New on DVD and Blu-Ray

Two real feel-good movies are out this week, and I figure I might as well start with them. One of them is a new release, specifically Yorgos Lanthimos’ latest The Killing of a Sacred Deer. In many ways, it feels like the Only God Forgives designed to drive away any fairweather fans who came on board with The LobsterLobster, for its pitch-black absurdity and cynicism about the human condition, at least offered a fairly accessible story of love at its center. Sacred Deer offers no such comforting element, instead plunging the viewer face-first into as punishingly bleak a story as has been told recently, about a surgeon (a bearded Colin Farrell) haunted by the son of a man he killed on the operating table (a terrifyingly blank Barry Keoghan), who soon demands that he kill one of his family members to settle the debt, or all of them will die. Did I mention it’s also really fucking funny? Because it is, and it only gets funnier as it becomes more depraved, eventually settling into being Funny Games remade as a comedy of manners (or lack thereof, as in a scene where Farrell delivers a monologue about masturbation and hair-eating that should serve as his “In Memoriam” clip).

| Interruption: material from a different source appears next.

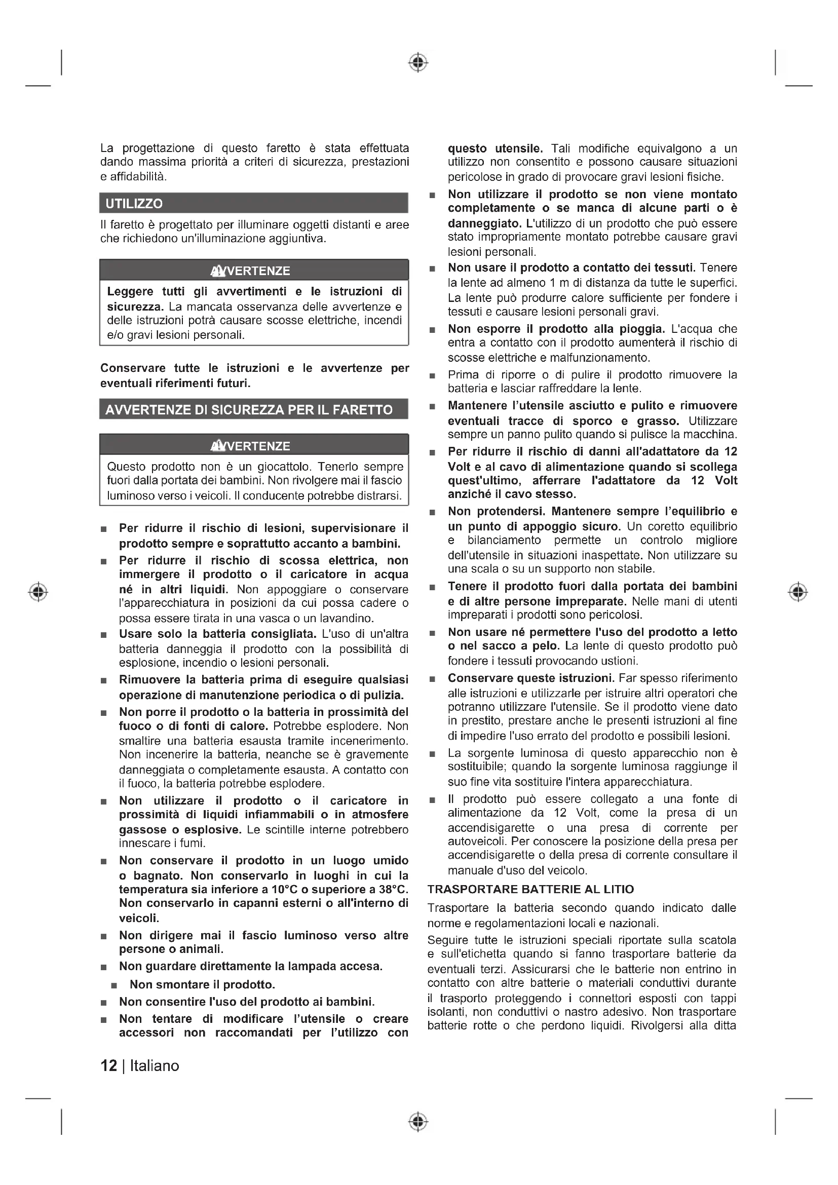 AVVERTENZE Questo prodotto non è un giocattolo. Tenerlo sempre fuori dalla portata dei bambini. Non rivolgere mai il fascio luminoso verso i veicoli. Il conducente potrebbe distrarsi. Ŷ Per ridurre il rischio di lesioni, supervisionare il prodotto sempre e soprattutto accanto a bambini. Ŷ Per ridurre il rischio di scossa elettrica, non immergere il prodotto o il caricatore in acqua né in altri liquidi. Non appoggiare o conservare l'apparecchiatura in posizioni da cui possa cadere o possa essere tirata in una vasca o un lavandino. Ŷ Usare solo la batteria consigliata. L'uso di un'altra batteria danneggia il prodotto con la possibilità di esplosione, incendio o lesioni personali. Ŷ Rimuovere la batteria prima di eseguire qualsiasi operazione di manutenzione periodica o di pulizia. Ŷ Non porre il prodotto o la batteria in prossimità del fuoco o di fonti di calore. Potrebbe esplodere. Non smaltire una batteria esausta tramite incenerimento. Non incenerire la batteria, neanche se è gravemente danneggiata o completamente esausta. A contatto con il fuoco, la batteria potrebbe esplodere. Ŷ Non utilizzare il prodotto o il caricatore in prossimità di liquidi infiammabili o in atmosfere gassose o esplosive. Le scintille interne potrebbero innescare i fumi. Ŷ Non conservare il prodotto in un luogo umido o bagnato. Non conservarlo in luoghi in cui la temperatura sia inferiore a 10°C o superiore a 38°C. Non conservarlo in capanni esterni o all'interno di veicoli. Ŷ Non dirigere mai il fascio luminoso verso altre persone o animali. Ŷ Non guardare direttamente la lampada accesa. Ŷ Non smontare il prodotto. Ŷ Non consentire l'uso del prodotto ai bambini. Ŷ Non tentare di modificare l’utensile o creare accessori non raccomandati per l’utilizzo con questo utensile. Tali modifiche equivalgono a un utilizzo non consentito e possono causare situazioni pericolose in grado di provocare gravi lesioni fisiche. Ŷ Non utilizzare il prodotto se non viene montato completamente o se manca di alcune parti o è danneggiato. L'utilizzo di un prodotto che può essere stato impropriamente montato potrebbe causare gravi lesioni personali. Ŷ Non usare il prodotto a contatto dei tessuti. Tenere la lente ad almeno 1 m di distanza da tutte le superfici. La lente può produrre calore sufficiente per fondere i tessuti e causare lesioni personali gravi. Ŷ Non esporre il prodotto alla pioggia. L'acqua che entra a contatto con il prodotto aumenterà il rischio di scosse elettriche e malfunzionamento. Ŷ Prima di riporre o di pulire il prodotto rimuovere la batteria e lasciar raffreddare la lente. Ŷ Mantenere l’utensile asciutto e pulito e rimuovere eventuali tracce di sporco e grasso. Utilizzare sempre un panno pulito quando si pulisce la macchina. Ŷ Per ridurre il rischio di danni all'adattatore da 12 Volt e al cavo di alimentazione quando si scollega quest'ultimo, afferrare l'adattatore da 12 Volt anziché il cavo stesso. Ŷ Non protendersi. Mantenere sempre l’equilibrio e un punto di appoggio sicuro. Un coretto equilibrio e bilanciamento permette un controlo migliore dell'utensile in situazioni inaspettate. Non utilizzare su una scala o su un supporto non stabile. Ŷ Tenere il prodotto fuori dalla portata dei bambini e di altre persone impreparate. Nelle mani di utenti impreparati i prodotti sono pericolosi. Ŷ Non usare né permettere l'uso del prodotto a letto o nel sacco a pelo. La lente di questo prodotto può fondere i tessuti provocando ustioni. Ŷ Conservare queste istruzioni. Far spesso riferimento alle istruzioni e utilizzarle per istruire altri operatori che potranno utilizzare l'utensile. Se il prodotto viene dato in prestito, prestare anche le presenti istruzioni al fine di impedire l'uso errato del prodotto e possibili lesioni. Ŷ La sorgente luminosa di questo apparecchio non è sostituibile; quando la sorgente luminosa raggiunge il suo fine vita sostituire l'intera apparecchiatura. Ŷ Il prodotto può essere collegato a una fonte di alimentazione da 12 Volt, come la presa di un accendisigarette o una presa di corrente per autoveicoli. Per conoscere la posizione della presa per accendisigarette o della presa di corrente consultare il manuale d'uso del veicolo.

Then there’s Husbands and Wives. Twilight Time’s Blu-Ray of it comes at, um, an interesting time, when I can assume that demand is low for copies of movies about Woody Allen having an affair with a college student; plus, it comes with all the baggage of the ensuing scandal, including, yes, the Dylan accusations. But this movie does the job of systematically dismantling everything unsavory about Allen’s work better than any outraged thinkpiece ever could, telling a story of terrible people destroying each other and whichever innocent bystanders make the mistake of crossing their paths. I can’t say it was ever an easy watch, and it certainly isn’t one now, but there’s something cathartic in seeing loathing, both self- and otherwise, being laid this bare (wallflower and I examined this at length, by the way).

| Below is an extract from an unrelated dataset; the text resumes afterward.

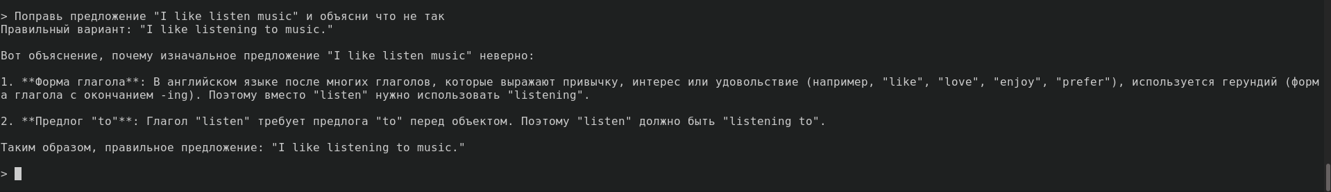 Решил проверить свой уровень перед началом и прошел тест на efset, однако в конце он потребовал регистрацию для получения результатов ((. Ну и ладно, и так понятно, что у меня все плохо - я почти ни один вопрос не понял. Прошел тест на словарный запас на my.vocabularysize.com - не менее 5700, пишет сайт. Очевидно, это неправда, скорее всего у них плохой алгоритм подсчета, а я просто, так уж вышло по случайности, знал пару не очень популярных слов. Что ж, по какой-либо шкале не получится отслеживать прогресс, поэтому оценка будет субъективной. Грамматику, скорее всего, буду изучать по мере необходимости, а пока пройдусь разок по базовым правилам, без необходимого словарного запаса в них пока мало смысла. План таков: 1. Любой контент смотреть только в оригинале (на самом деле я уже так делаю, т.к. нравятся натуральные голоса актеров), разбирая и записывая незнакомые слова и интересные фразы. 2. Читать, прибегая к переводчику в крайних случаях. 3. Самое интересное. Буду рассказывать истории...на английском! Но как-нибудь потом. А еще я решил использовать языковые модели. В итоге я выбрал phi4-14b с квантованием в 4 бита (пробовал и 8 - особой разницы не заметил). Увы, он не помещается в VRAM, которой у меня лишь 4гб, поэтому все выполняется на CPU со скоростью 3-4 токена в секунду. Можно делегировать обработку части слоев на GPU, но это только ухудшает производительность. Обычный llama.cpp работает с терпимой скоростью на процессоре, но если собрать ее c CUDA бэкендом, то на GPU, если вся модель влезает в видеопамять, работает очень шустро, как и ожидается, но если не влезает, или просто указать -ngl 0, то работает в разы медленнее обычной версии. Все дело в том, похоже, что CUDA версия собирается без AVX инструкций, потом стоит разобраться. Есть phi4-mini, которая может полностью запускаться на видеокарте, но она ооочень глупая, несет бред. А еще проверил deepseek-r1-14b - неплоха, но отвечает долго, ведь это размышляющая сетка, в отличие от phi, которая отвечает коротко и по делу. Ну вот и все, сегодняшний день в основном ушел на подготовку и составление плана.

Elsewhere, things are not much cheerier (I realize that applies just as much to the outside world as it does to Blu-Rays). There’s the latest, expectedly dour entry in the Saw series, just called Jigsaw, the depressing movie about Iraq vets returning home, Thank You For Your Service, and the melancholy look at the origins of Winnie the Pooh, Goodbye Christopher Robin. The most we have for levity this week is My Entire High School Sinking Into the Sea, because implied cartoon drowning is the lightest we’re getting at this point.

Bob & Carol & Ted & Alice (Twilight Time)
Dirk Gently’s Holistic Detective Agency: Season Two (BBC)
Geostorm (Warner)
Goodbye Christopher Robin (Fox)
The Hanging Tree (Warner Archive Collection)
Husbands and Wives (Twilight Time)
Jigsaw (Lionsgate)
The Killing of a Sacred Deer (Lionsgate)
My Entire High School Sinking Into the Sea (Shout Factory)
Opera (Scorpion)
Shakedown (Shout Factory)
Thank You for Your Service (Universal)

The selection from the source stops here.